Em "2 Coelhos" há explosões de carros, perseguições, tiroteios, animações baseadas em mangás - os gibis japoneses - e muitos efeitos especiais. O melhor é que nada é gratuito ou tosco, como poderia ser em um filme que custou "apenas" R$ 4 milhões - mixaria comparada às grandes produções do gênero dos EUA.

"2 Coelhos" narra a história de Edgar (Fernando Alves Pinto), que decide fazer justiça com as próprias mãos aniquilando, literalmente e de uma só vez - daí vem o título do longa -, uma quadrilha de ladrões comuns liderada por Maicon (Marat Descartes) e um deputado corrupto (Roberto Marchese). Nessa sua jornada, o rapaz conta com a colaboração de Julia (Alessandra Negrini). "Digamos que ela é uma heroína bandida. Age para conquistar paz e uma vida tranquila ao lado de quem ama", diz a atriz, cuja personagem apresenta comportamentos bem suspeitos.

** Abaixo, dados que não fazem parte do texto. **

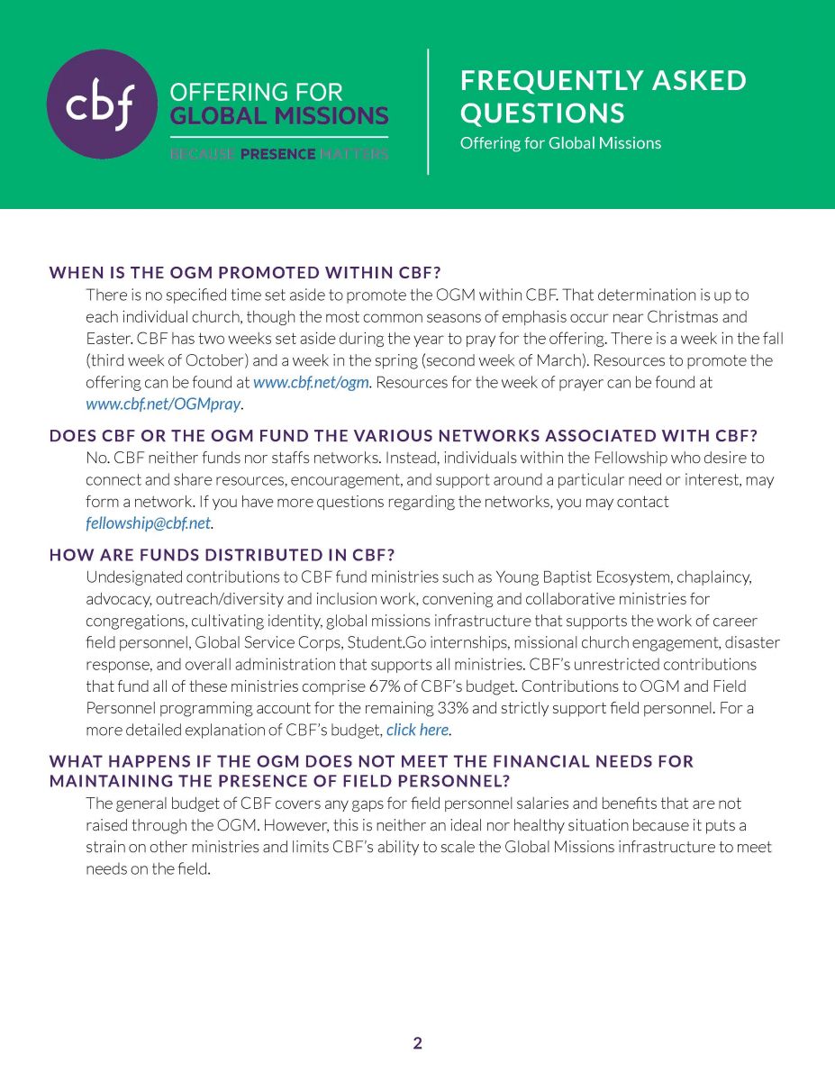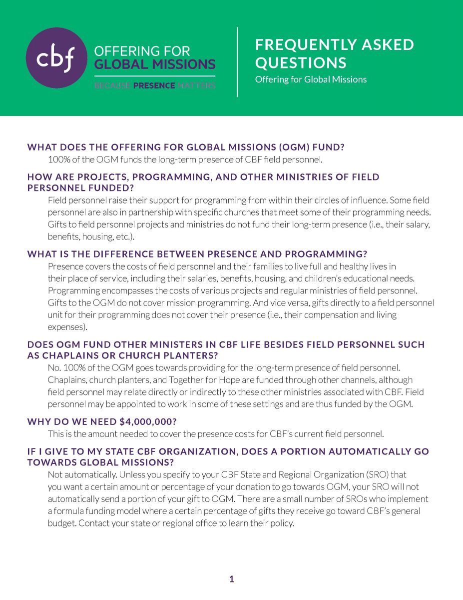 During December, we look at all the wonderful work that the Cooperative Baptist Fellowship (CBF) does around the world. When you give to the Offering for Global Missions (OGM), you are supporting the long-term presence of field personnel in 19 countries as they cultivate beloved community, bear witness to Jesus Christ and seek transformational development among people and places otherwise forgotten and forsaken by the world. As you prayerfully consider giving to the OGM, take some time to view these videos that highlight their three areas of focus: Global Poverty, Global Migration, and Global Church. If you look would like to learn more about the Offering for Global Missions, see the frequently asked questions and read testimonials from CBF field personnel below the videos.

São Paulo é outra personagem de "2 Coelhos". Ao longo da história, é possível notar a região da rua Augusta, a avenida Paulista e outras áreas da cidade. "Nasci em Santos, mas sempre quis morar em São Paulo. A cidade tem um visual incrível para um filme urbano, como é 2 Coelhos", define Poyart.


Filme escorrega em falatório moralista

O início de "2 Coelhos" lança a dúvida: o filme começou ou é um anúncio de cartão de crédito para universitários? Os tiros avisam que é o filme. O protagonista, Edgar (Fernando Alves Pinto), um fã de pornografia e games, se mostra rebelde e "errado". Não quer saber de emprego, se envolve com o crime e é beneficiado pela corrupção.

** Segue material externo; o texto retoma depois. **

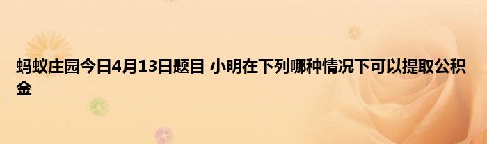 欢迎大家来到这里,能进来的小伙伴都有玩蚂蚁庄园的,支付宝蚂蚁庄园每天都会在小课堂更新一道题目,答对即可领取小鸡饲料180G,4月13日蚂蚁庄园问题是:小明在下列哪种情况下可以提取公积金?很多小伙伴都不知道小明在下列哪种情况下可以提取公积金这个问题的答案是什么,那么小编就为大家分享下4月13日蚂蚁庄园课题问题的答案,希望对大家有所帮助!

Em busca do público jovem, o filme toma como referência maior a série "Grand Theft Auto", sucesso dos games nos anos 2000, sem desprezar conquistas narrativas de ícones nacionais como "Cidade de Deus" (2002). Por pelo menos meia hora, porém, Edgar simplesmente narra o filme - de ação. Entre explosões e tiros, ele tenta apresentar os personagens e o vaivém de criminosos e autoridades. Uma vez ou outra, ainda avisa ao espectador que dali a pouco vai dar para entender tudo, sim.

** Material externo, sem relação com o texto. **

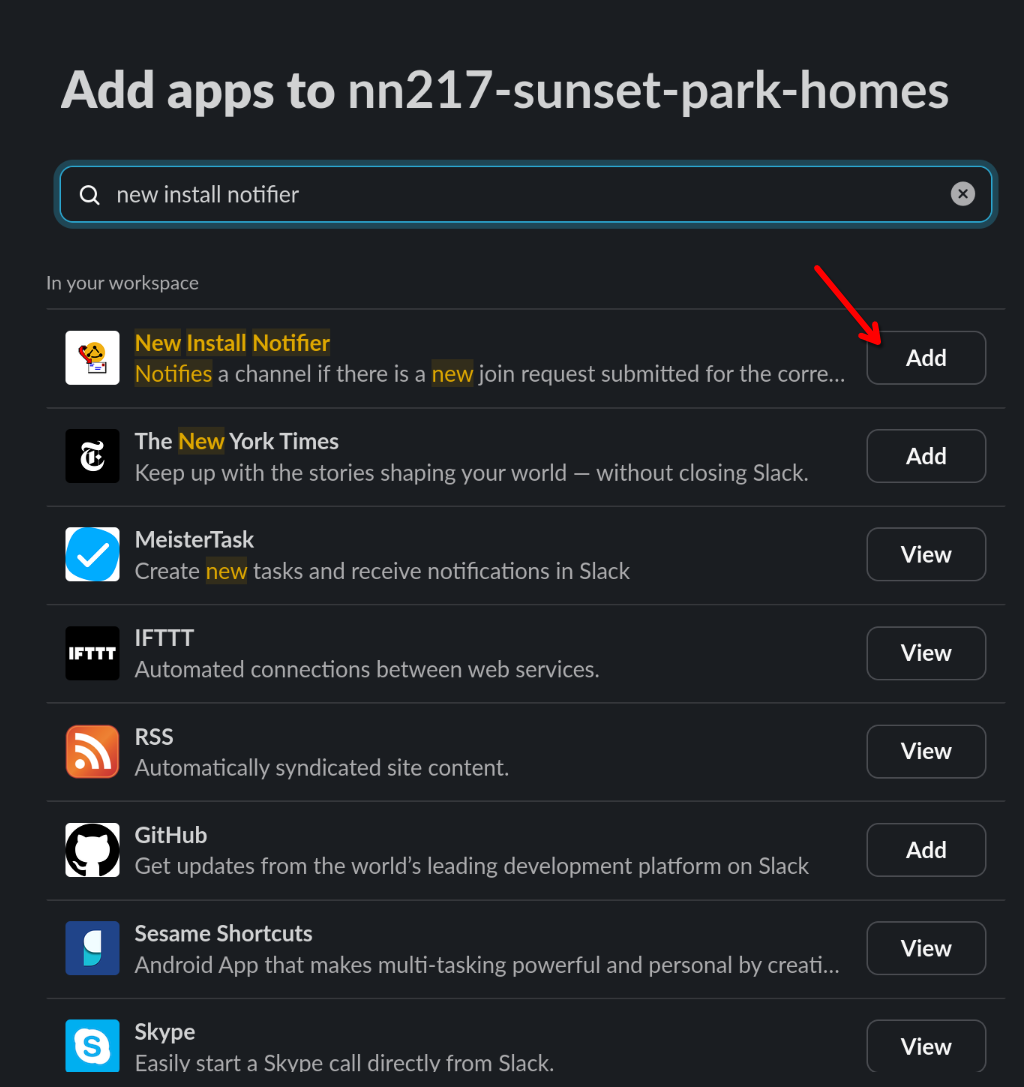 1. Go to the channel and add the @New Install Notifier app

Os muitos recursos gráficos ficam perdidos numa rede que parece frouxa - a ponto de precisar do "bad boy" para explicá-la. De brinde, vem o discurso apoiado num moralismo vulgar ("explodir os corruptos"). Quase na metade, no entanto, o filme cresce. De repente, o protagonista se liberta do papel de narrador. O roteiro cambaleia, mas tem a segurança de uma estrutura circular e violenta que remete à do ótimo "Amores Brutos" (2000). A trama se ergue, ganha algum sentido e consegue incorporar o ritmo dos games em vez de usá-lo como referência vazia.

Sem a narração em tom de carochinha publicitária do YouTube, o tratamento gráfico e os efeitos especiais também começam a parecer menos artificiais. De resto, a parte inicial e aquela a partir da metade parecem dois filmes diferentes - mas a cajadada só funciona em um deles.